▶ Collected material
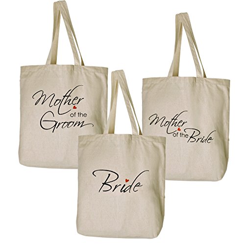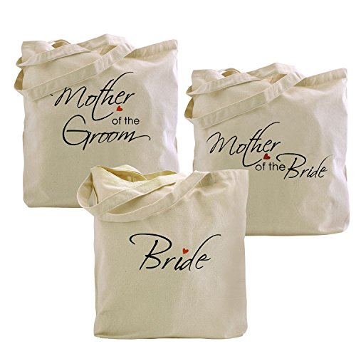 - Wedding Gifts Tote Bags Set of 3( 1pcs Bride Tote Bag +1pcs Mother of the Bride Tote Bag + 1pcs Mother of the Groom Tote Bag)
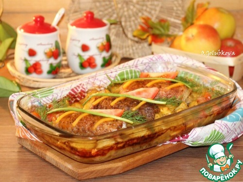 Сочные свиные отбивные с начинкой и ароматный картофель - это вкусный и сытный обед или ужин. Блюдо готовится в духовке.
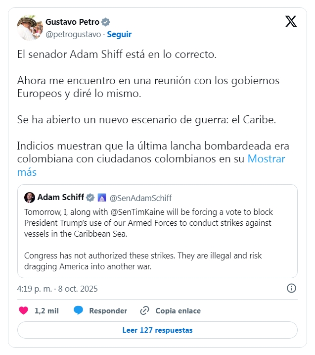 "Indicios muestran que la última lancha bombardeada era colombiana con ciudadanos colombianos en su interior. Espero que aparezcan sus familias y denuncien", escribió el mandatario en su cuenta de X, como comentario a una publicación del senador estadounidense Adam Shiff, en la que se anuncia que se introducirá una proposición en el Congreso para bloquear el uso de fuerzas militares de ese país contra embarcaciones en el Caribe.
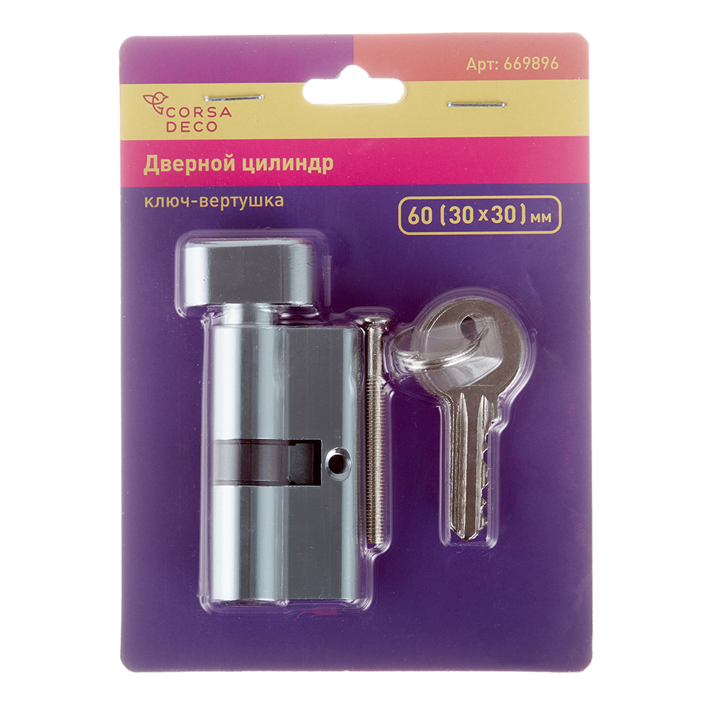 Цилиндр Corsa Deco 60 (30х30) мм ключ/вертушка матовый никель

▶ What you need to do
Please set down exactly the lines from the first line of the data above through the line with "Сочные свиные отбивные", both included, leaving out the pictures.

▶ Completed exercise
 - Wedding Gifts Tote Bags Set of 3( 1pcs Bride Tote Bag +1pcs Mother of the Bride Tote Bag + 1pcs Mother of the Groom Tote Bag)
 Сочные свиные отбивные с начинкой и ароматный картофель - это вкусный и сытный обед или ужин. Блюдо готовится в духовке.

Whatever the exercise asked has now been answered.